Verrà eseguita oggi l'autopsia sul corpo di Mario Arduini, il 62enne originario di Pofi, ma da anni residente a Ferentino, deceduto giovedì scorso dopo aver subito due ricoveri nell'arco di 24 ore e prima di giungere in coma all'ospedale Spaziani. Il pubblico ministero Di Cicco ha affidato a un medico legale della Capitale l'esame autoptico che servirà a fornire un quadro più chiaro delle cause della morte del collaboratore scolastico dell'Itis "don Morosini".

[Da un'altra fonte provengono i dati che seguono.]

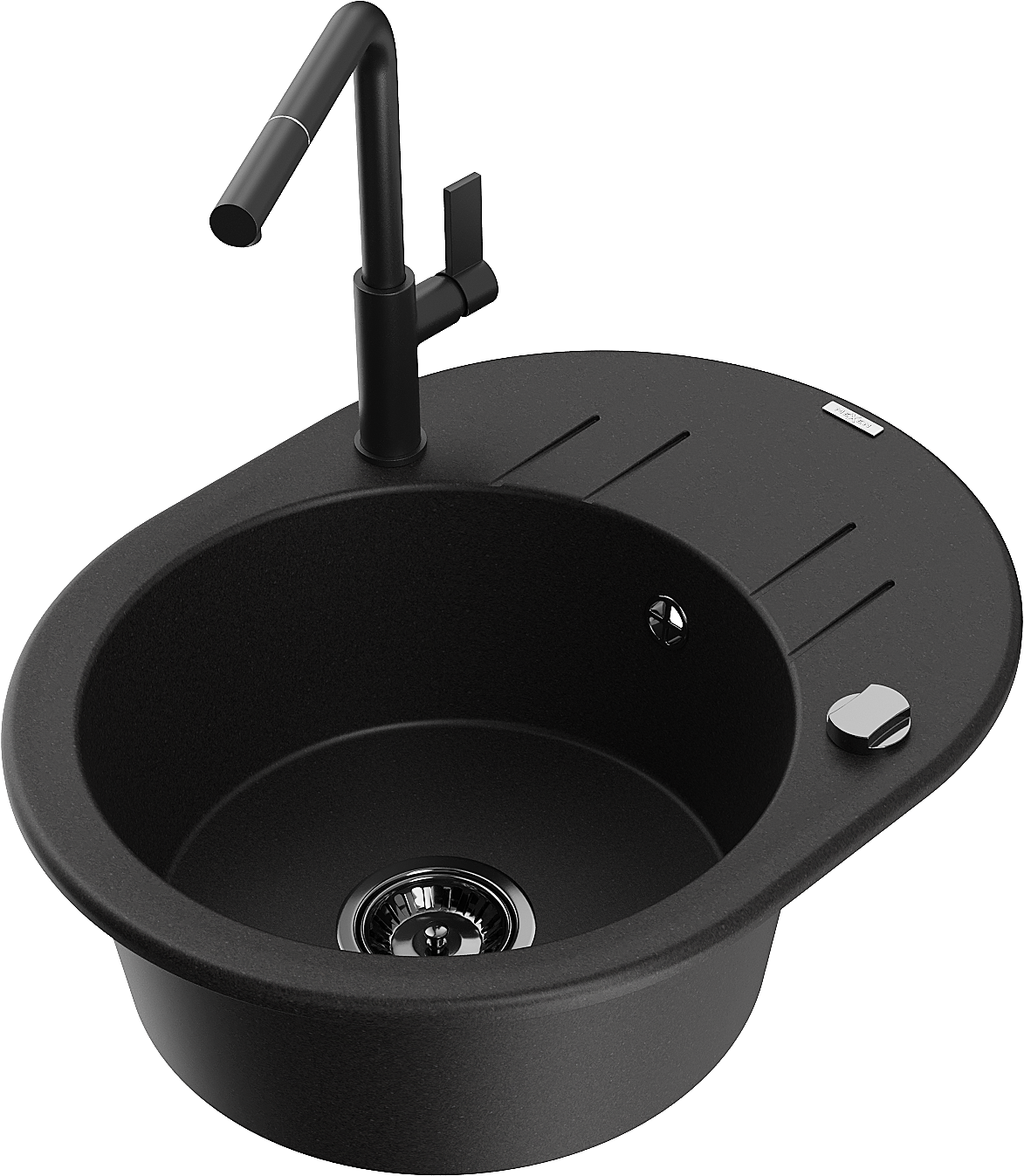 Mexen Kevin lavello in granito 1-vasca con scolapiatti e rubinetto da cucina Flora, nero - 6517-77-670401-70-B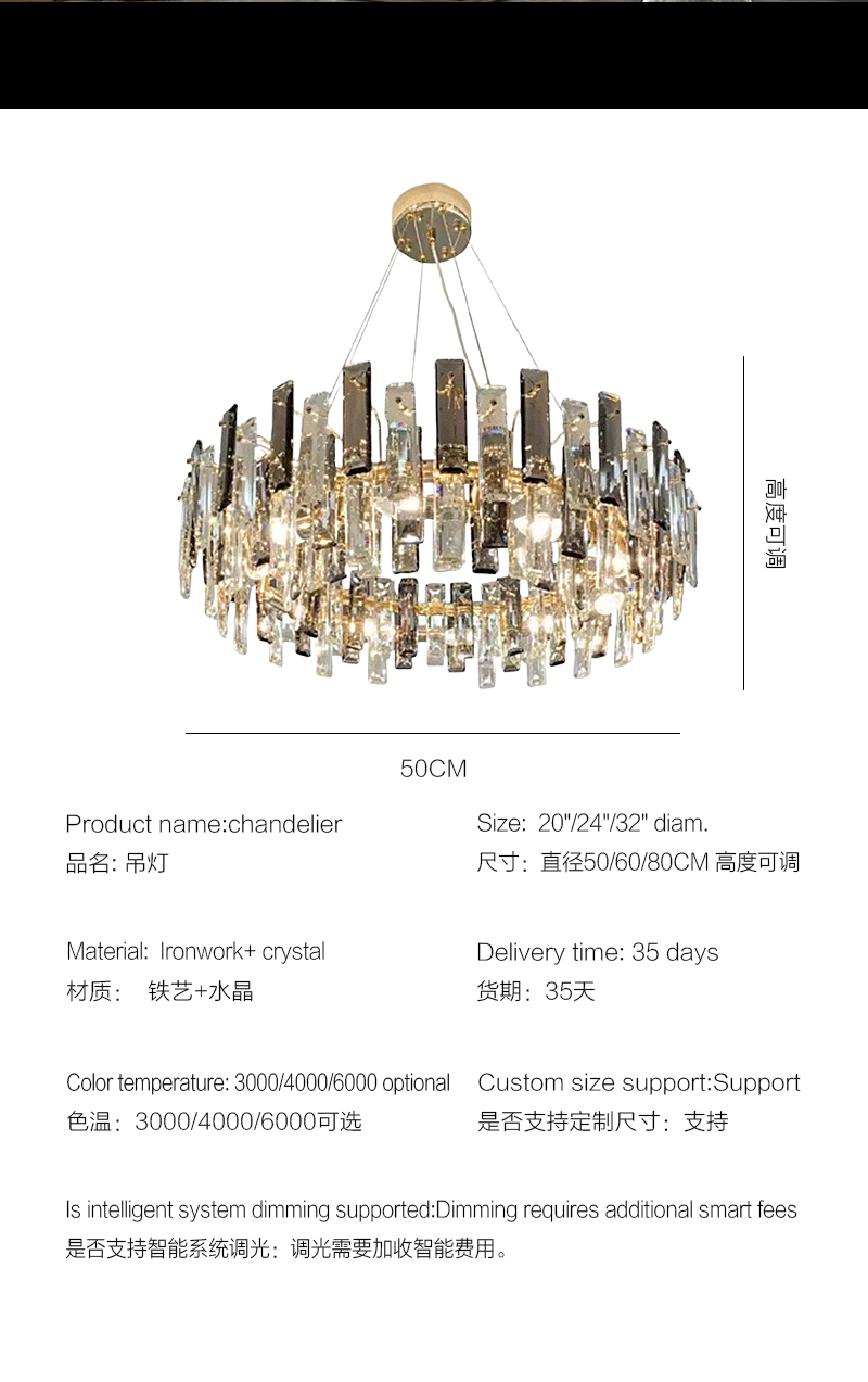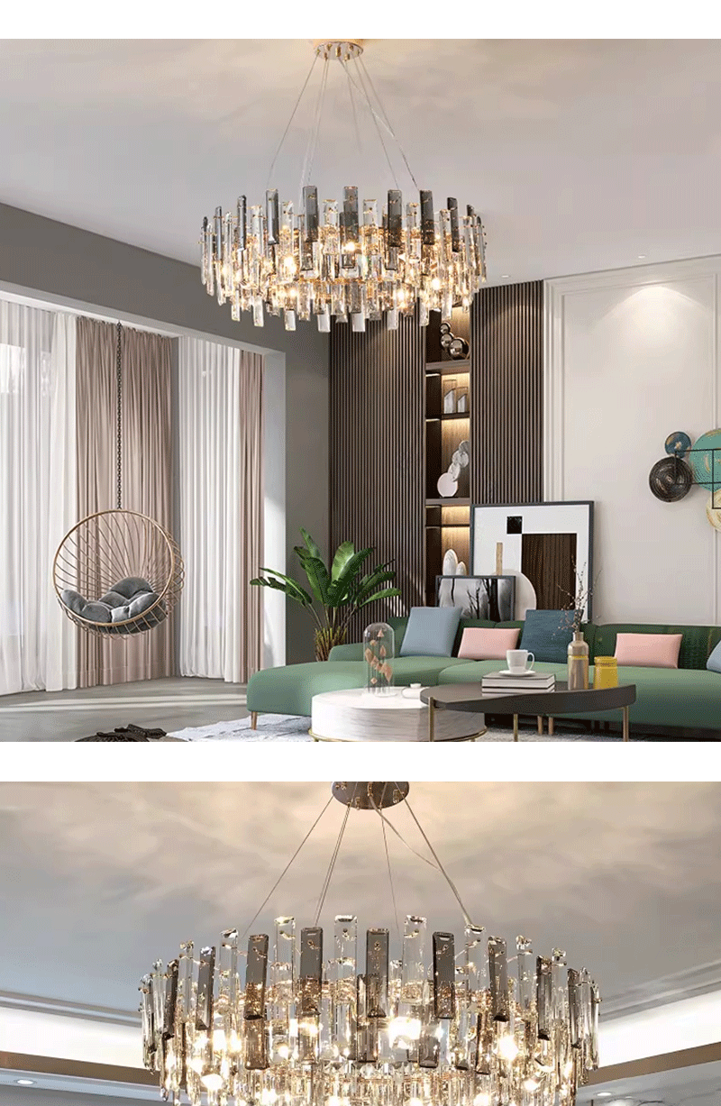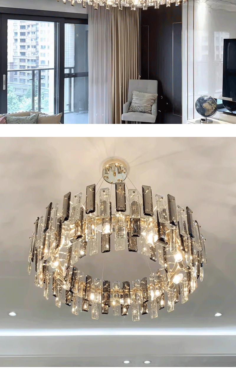 新款轻奢客厅餐厅圆形水晶玻璃吊灯

Nel frattempo il legale della famiglia Arduini, tramite il proprio legale di fiducia, Giampiero Vellucci, sta valutando l'opportunità di nominare un consulente di parte che esegua accertamenti sulla salma. La Procura ha aperto un'inchiesta ipotizzato il reato di omicidio colposo: spetterà ai magistrati valutare se ci siano state negligenze da parte del personale sanitario del nosocomio di Frosinone.

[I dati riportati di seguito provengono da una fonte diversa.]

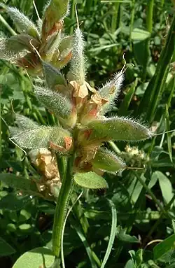 - Strąki płaskie z wypukłościami nad nasionami. Są przylegająco owłosione i osiągają do 20 mm długości przy 5 mm szerokości[5].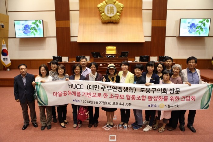 서울 도봉구의회가 지난 27일 마을공동체를 기반으로 한 소규모 협동조합인 '대만주부연맹생협 교류단'이 방문함에 따라 구의원 의원과의 간담회를 개최했다. 사진은 간담회를 마친 후 구의원들과 교류단 관계자들이 기념촬영을 하는 모습. (사진제공=도봉구의회)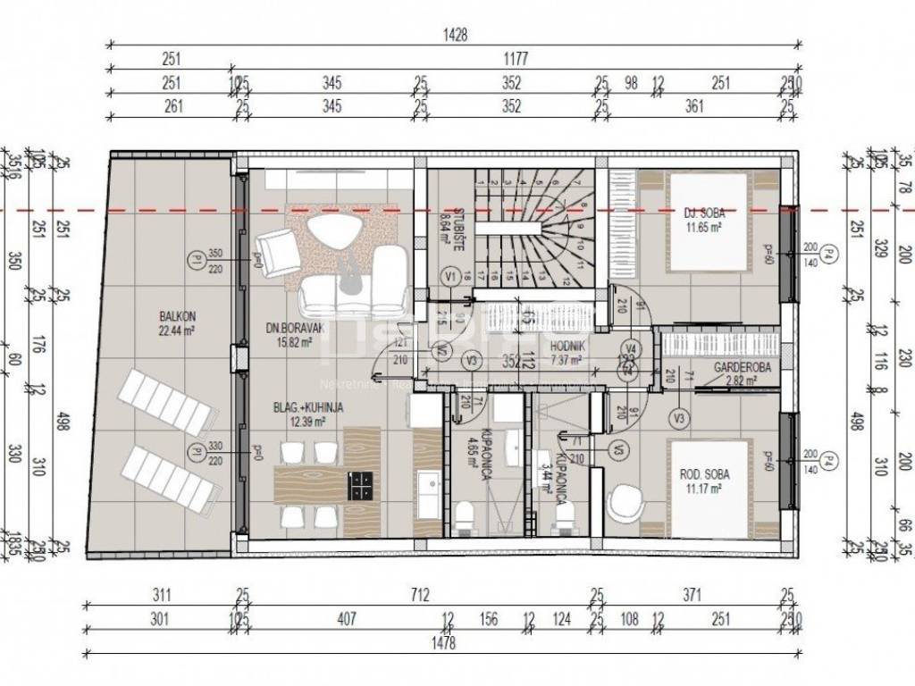 This beautiful first-floor apartment offers 69.31 m of living space, complemented by a spacious 22.44 m balcony.

Tutte e due le dimissioni, secondo l'avvocato che difende i familiari di Arduini, avrebbero avuto luogo nonostante le sue condizioni di salute imponessero un immediato ricovero. La patologia cardiaca di cui avrebbe sofferto l'uomo, secondo tale tesi, non sarebbe sorta improvvisamente, anzi, sarebbe stata nota al personale medico che ha avuto accesso ai risultati clinici degli esami cui era stato sottoposto.

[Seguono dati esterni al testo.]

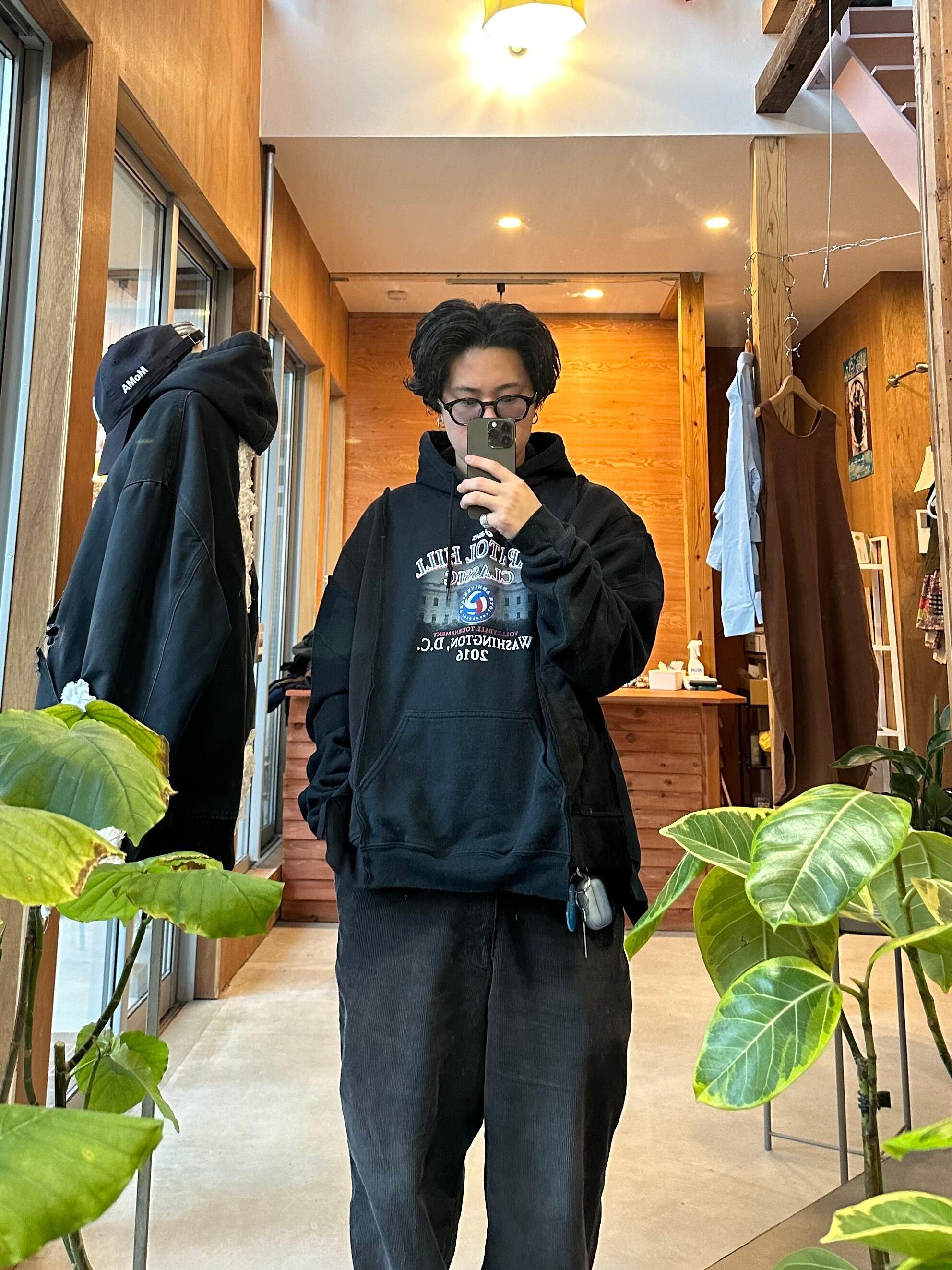 古着のリメイクアイテムとなっております。デザイナー/ HIROSHI YOSHIDA による一点物のアイテム、一つ一つデザイナー自身が縫製を施しております。

La notizia della morte del 62enne ha lasciato nel dolore e nello sgomento familiari e amici, certamente, ma anche numerosi studenti dell'Itis di Ferentino. Il gabbiotto dove lavorava Arduini, infatti, è stato tappezzato di cartelloni con frasi a lui dedicate. «Il tuo sorriso e la tua voglia di scherzare - si legge in un messaggio - rimarrà sempre nei nostri cuori». Parole di tenerezza nei confronti del 62enne anche sulla pagina Facebook dell'istituto scolastico: «Non riuscivi ad essere triste con lui affianco, non ce la facevi. Strappava sempre un sorriso, in tutti i modi». E, ancora: «Grande uomo. Grazie per tutte le risate - si legge in un post - che ci riuscivi a strappare, anche quando avevamo una bruttissima giornata. Grazie di tutto. Riposa in pace, anima bella. Il tuo sorriso e la tua voglia di scherzare - scrivono infine gli studenti - rimarrà sempre nei nostri cuori».